Investors are cautioned that, except as disclosed in the management information circular or filing statement to be prepared in connection with the Proposed Transaction, any information released or received with respect to the Proposed Transaction may not be accurate or complete and should not be relied upon. Trading in the securities of Core Nickel or ACG should be considered highly speculative.
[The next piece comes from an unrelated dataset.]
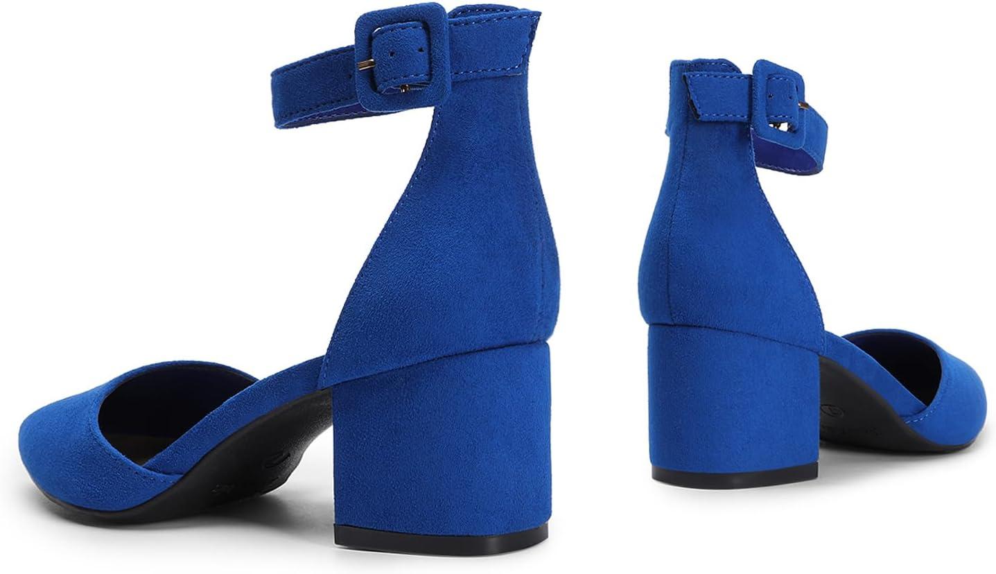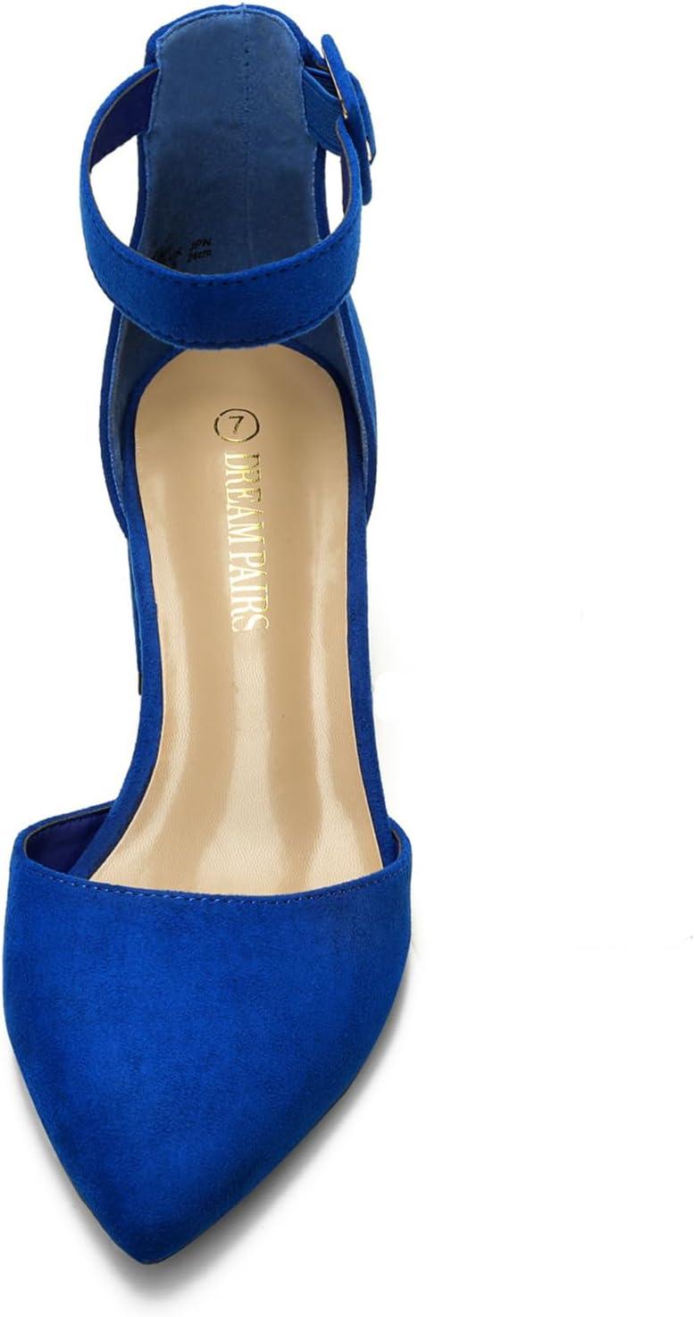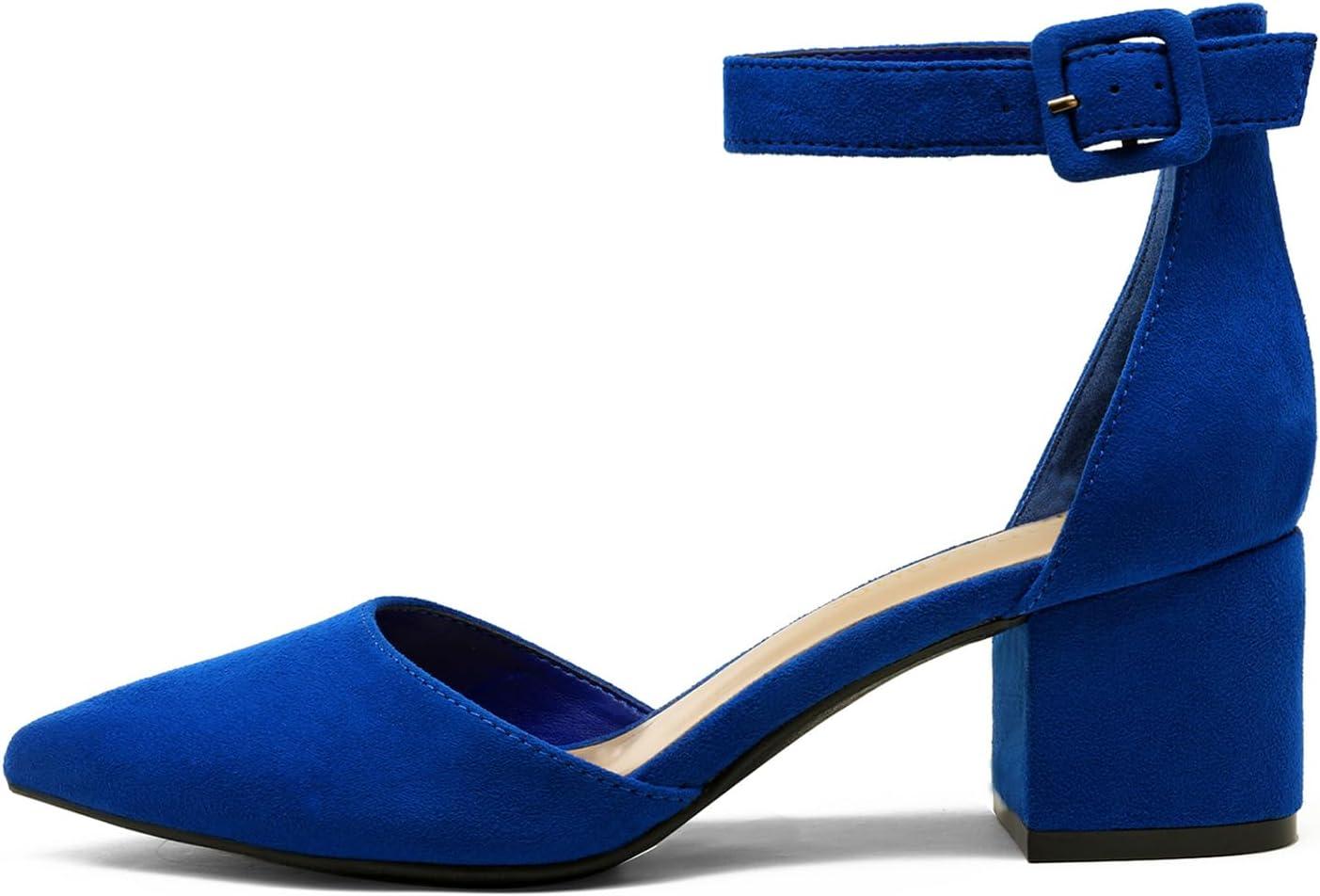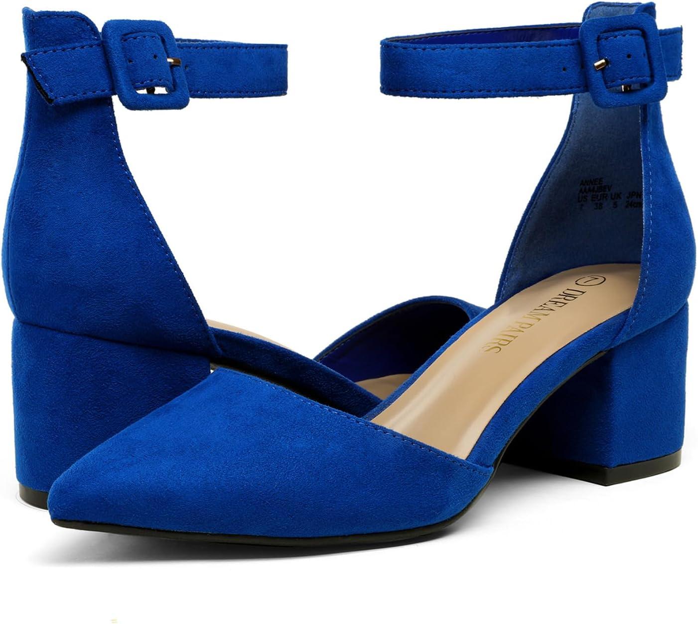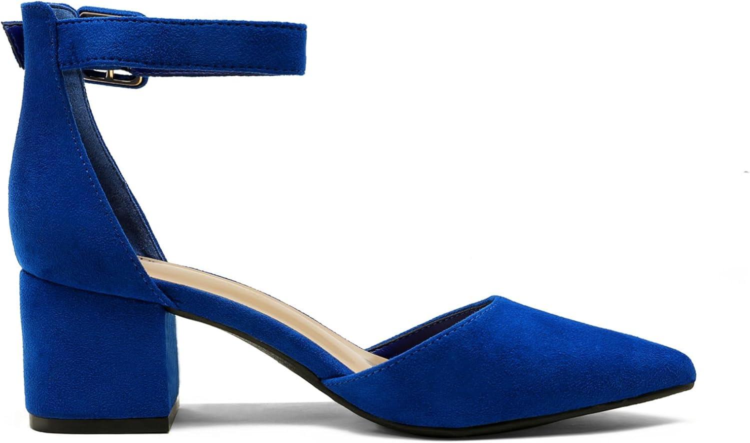 DREAM PAIRS ANNEE Pointed Toe Low Chunky Heels Pump Shoes(Royal/Blue)

The TSXV has in no way passed upon the merits of the Proposed Transaction and has neither approved nor disapproved the contents of this news release.
This news release shall not constitute an offer to sell or the solicitation of an offer to buy any securities in any jurisdiction.
This news release does not constitute an offer to sell or a solicitation of an offer to buy the securities described herein in the United States or in any other jurisdiction, nor shall there be any sale of the securities in any state in which such offer, solicitation or sale would be unlawful. The securities have not been and will not be registered under the U.S. Securities Act, or any state securities laws, and accordingly, may not be offered or sold in the United States except in compliance with the registration requirements of the U.S. Securities Act and applicable state securities requirements or pursuant to exemptions therefrom.
Neither the TSX Venture Exchange nor its Regulation Services Provider (as that term is defined in the policies of the TSX Venture Exchange) accepts responsibility for the adequacy or accuracy of this news release. No stock exchange, securities commission or other regulatory authority has approved or disapproved the information contained herein.
Not for distribution to U.S. news wire services or for dissemination in the United States.